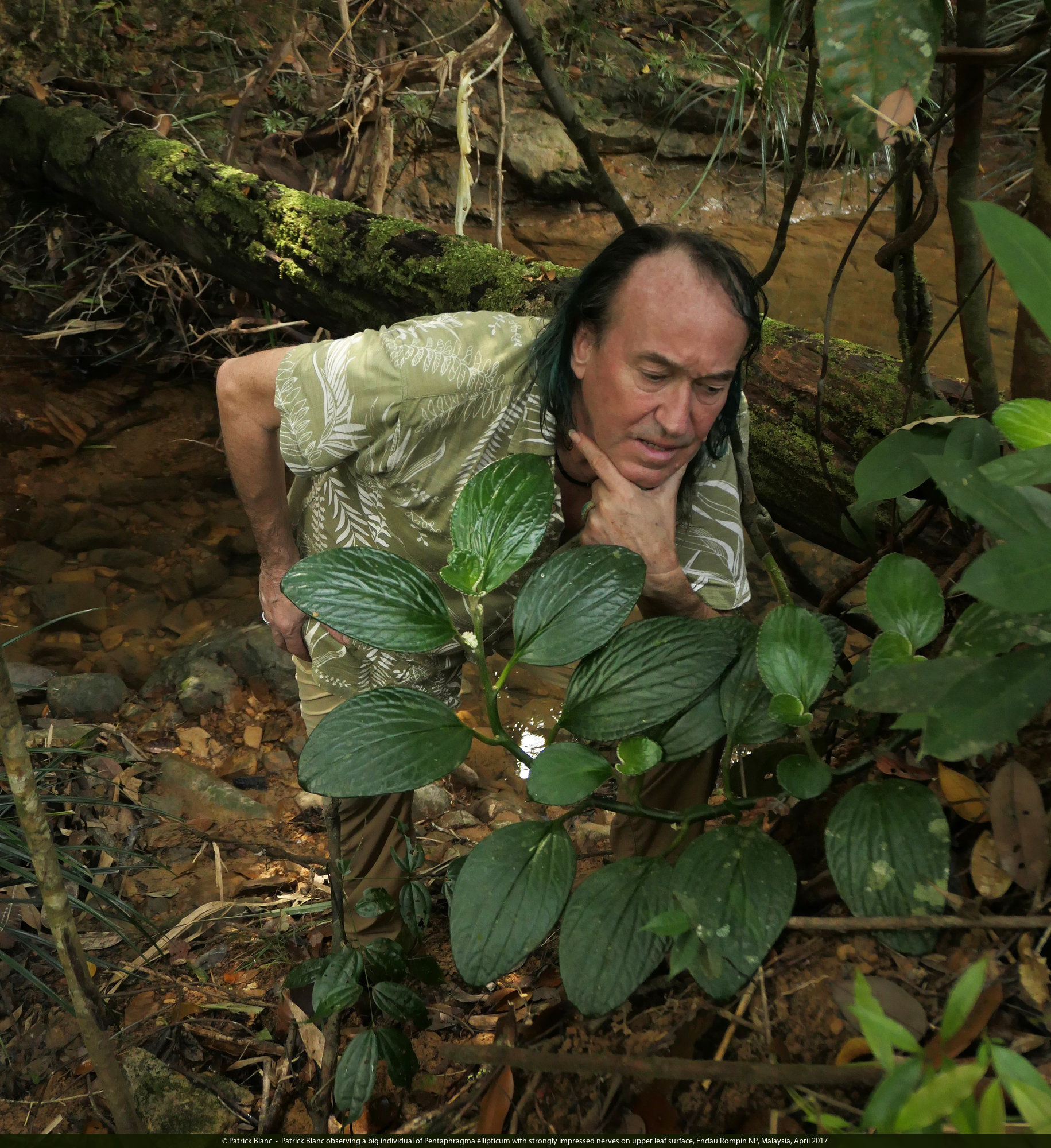 Patrick Blanc observing a big individual of Pentaphragma ellipticum with strongly impressed nerves on upper leaf surface, Endau Rompin NP, Malaysia, April 2017
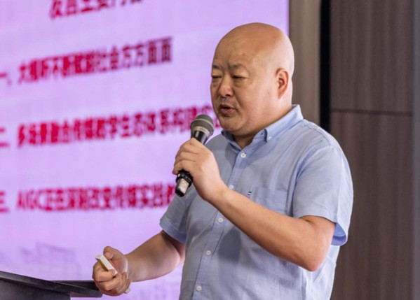 浙江传媒学院全媒体实验创新中心副主任、中国高校影视学会实验教学专业委员会副主任兼秘书长胡一梁教授级高工作了题为《大视听赋能社会,传媒实践教学生态正嫣然》的主题报告,从技术不断驱动经济发展、当代社会新拐点新范式和大视听逐渐成为信息表达的主要内容等方面分析了视听信息不断正在赋能社会方方面面并不断驱动社会信息化、知识化、自主化,同时分享了浙江传媒学院在多场景融合传媒教学生态体系构建的案例,指出AIGC正在深刻改变传媒实践教学原有模式。
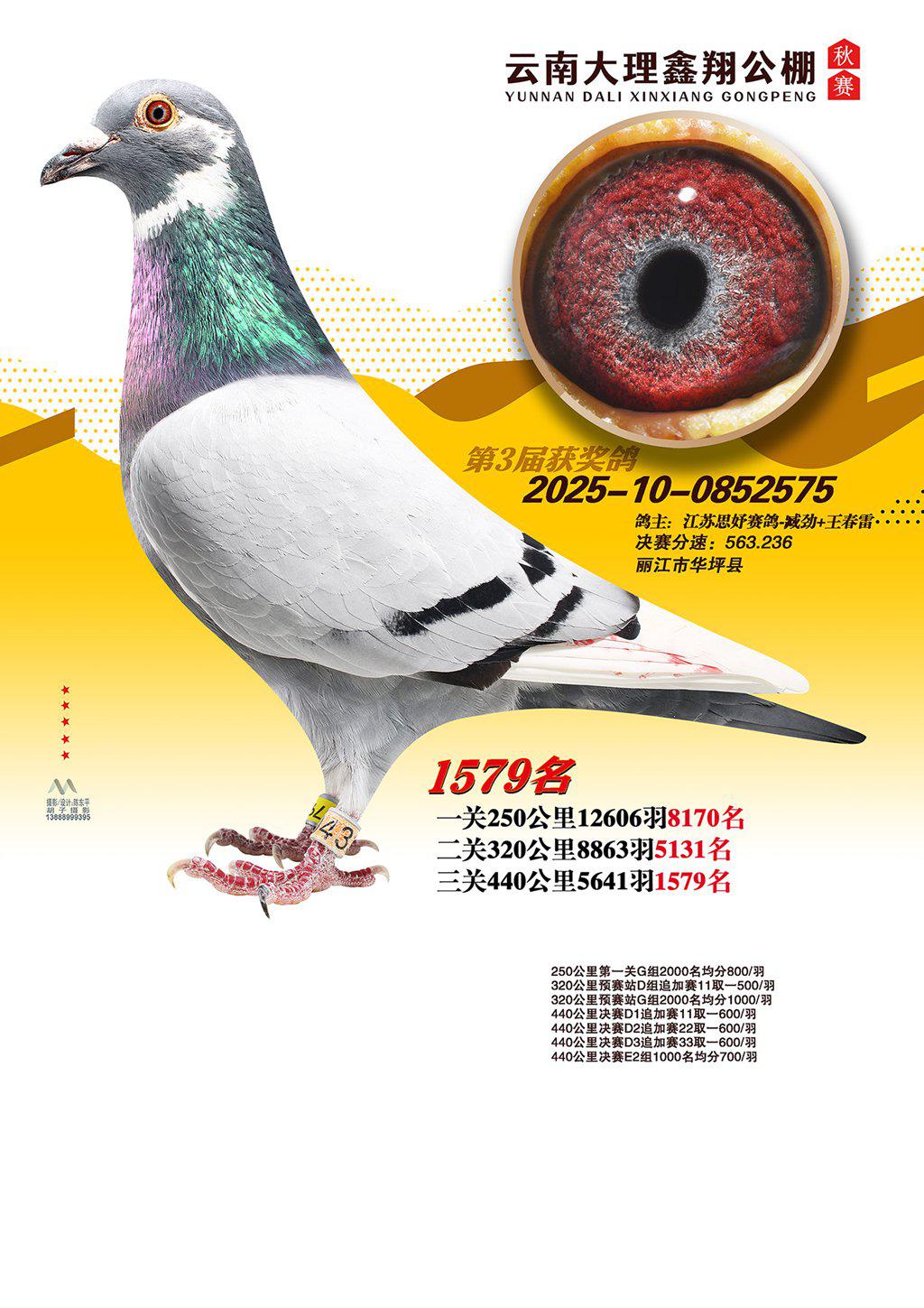 位置:云南大理鑫翔公棚2025获奖鸽展示\1579名

____________

__Required action__. Every line of the data above is to be set down exactly; the pictures are not.

__Reply__.
 Patrick Blanc observing a big individual of Pentaphragma ellipticum with strongly impressed nerves on upper leaf surface, Endau Rompin NP, Malaysia, April 2017
 浙江传媒学院全媒体实验创新中心副主任、中国高校影视学会实验教学专业委员会副主任兼秘书长胡一梁教授级高工作了题为《大视听赋能社会,传媒实践教学生态正嫣然》的主题报告,从技术不断驱动经济发展、当代社会新拐点新范式和大视听逐渐成为信息表达的主要内容等方面分析了视听信息不断正在赋能社会方方面面并不断驱动社会信息化、知识化、自主化,同时分享了浙江传媒学院在多场景融合传媒教学生态体系构建的案例,指出AIGC正在深刻改变传媒实践教学原有模式。
 位置:云南大理鑫翔公棚2025获奖鸽展示\1579名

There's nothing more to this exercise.